Kairi had been all those things: but her reward was love. A selfish, clinging, demanding love, it is true; but love all the same, which was something she had never had before – the poor
Feringhi
-Rani having died too soon to be remembered; and though Ashok had been kind to her and Sita had given her affection and understanding, she knew that those two loved only each other while Shushila, on the other hand, not only loved her, but needed her. To be needed was an equally novel experience, and such a comforting one that she did not begrudge the long hours of servitude that the idleness of the child's servants thrust upon her.
Had Kairi been given a free hand, it is even possible that she might have succeeded in bringing up her baby sister to be a tolerably healthy and well-adjusted young woman. But she was far too young and inexperienced to be able to combat the pernicious influence of the Zenana women, whose anxiety to curry favour with Janoo-Rani led them to make much of little Shushila, and vie with each other to pet and spoil the child.
The
Nautch
-girl's own treatment of her daughter was governed entirely by her moods. As these were unpredictable, little Shushila could never be certain if she would be received with a caress or a slap, and as a result she developed a morbid sense of insecurity which was aggravated by the fact that she admired her mother even more than she feared her, and craving as she did for her affection, the careless caresses could not compensate for the misery of being rebuffed. It was this that bred in her a passionate attachment for anything that was safe and familiar: the privacy and protection of the Zenana walls, the faces and voices of all those who peopled her small world, and the unchanging routine of each day.

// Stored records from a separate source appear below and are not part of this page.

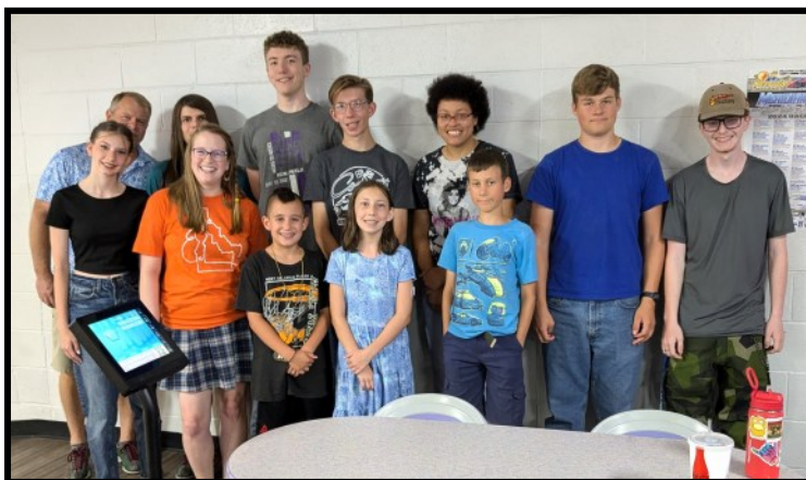
Warm Heart Youth Bowling Night
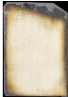
Bond of Coenraet Ten Eyck to prove that the duties have been paid in Holland (NYSA_A1809-78_V09_0720)
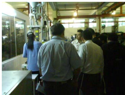
Analysts viewing the plastic injection process
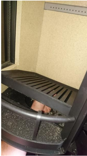
Pull out ash drawer, and remove grate
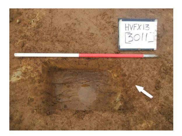
Plate 7: Ditch [3011]. Looking NE.
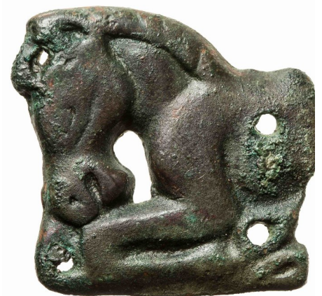
Fig. 27. A fragmentary bronze openwork buckle depicting a horse, from grave AT1/23.
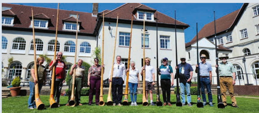
Bringing the experience to UK alphorn owners to play in Alpine ensembles.
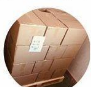
Load on pallet
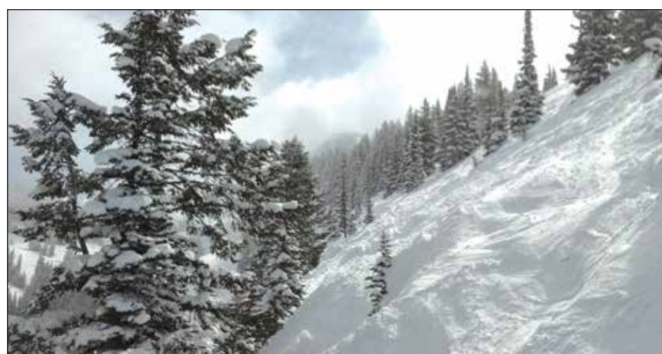
Record snowfall anticipated to bring high, fast rivers and streams this spring. State parks, Dept. of Water Resources and Cal Fire urge the public to take extra precautions as snowmelt increases.

Continued from page 1 moving into the spring and summer months.”
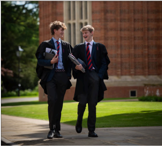
Boys on Campus
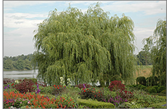
Golden Weeping Willow

This is a high maintenance tree that will require regular care and upkeep, and is best pruned in late winter once the threat of extreme cold has passed. Gardeners should be aware of the following characteristic(s) that may warrant special consideration;
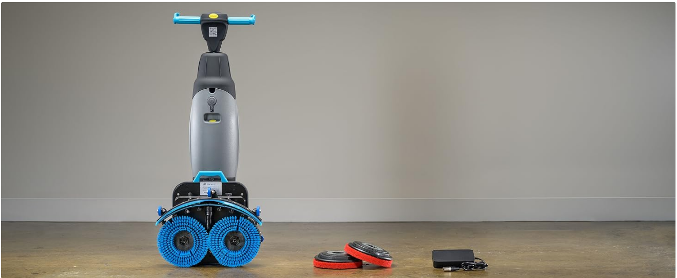
Image: Flexible operation with adjustable handle and rotatable brush head.
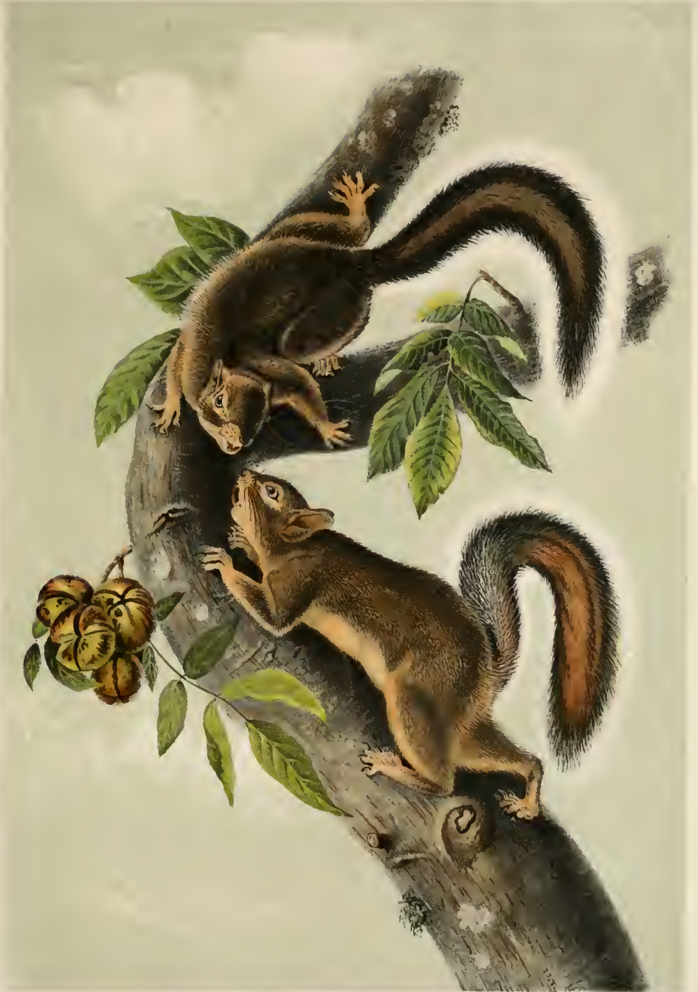
Drawn on stone by W.F. Hitchcock
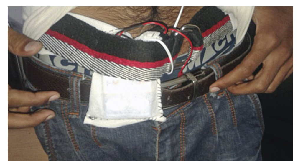
Two 9-volt batteries in a pouch, strapped to another belt, wires heading in both directions ...
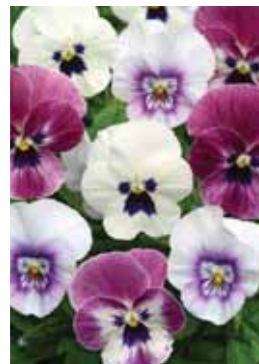
Sorbet XP Raspberry Sundae Mix

Prices for Cool Wave colors & mix: Pkt. (20 seeds) $7.50; 100 seeds $34.85; 1,000 seeds & over $242.90 per M.
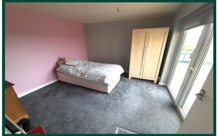
Bedroom 1 (Extension)
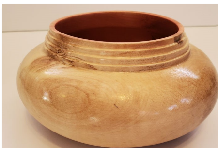
Andy turned this Maple container dyed red inside, 4" by 7".
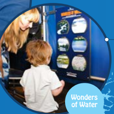
Wonders of Water
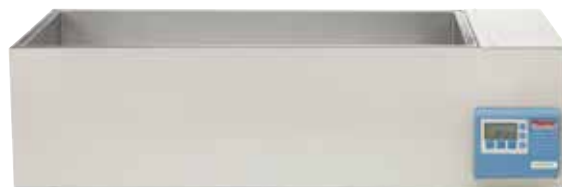
CIR 89 Water Bath
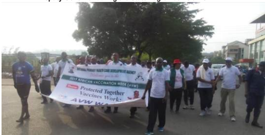
The 2019 Africa Vaccination Week (AVW) was launched with an AWARENESS WALK sponsored by NPHCDA & other partners

She had no interest in anything that lay beyond the Women's Quarters or in the world outside the Palace of the Winds, and no desire to venture there.
Kairi, who had watched her grow up, was aware of this, and perceptive enough to divine the reason for it, though Shushila herself would never have been able to put it into words, even supposing she had recognized the forces that drove her, which she did not. She was not given to analysing her emotions, any more than the women who pandered to them and by doing so encouraged her to be hysterical and selfish. It was only Kairi-Bai, made wise by harsh experience, who came to realize that her little sister's headaches and the attacks of nervous hysteria that caused so much anxiety in the Zenana were largely imaginary and always self-induced; and that these, together with her fear of the unfamiliar and her high-handed treatment of servants and the humbler members of the Zenana who were incapable of retaliation, were a form of revenge for the lack of interest that her fascinating and imperious mother showed towards her.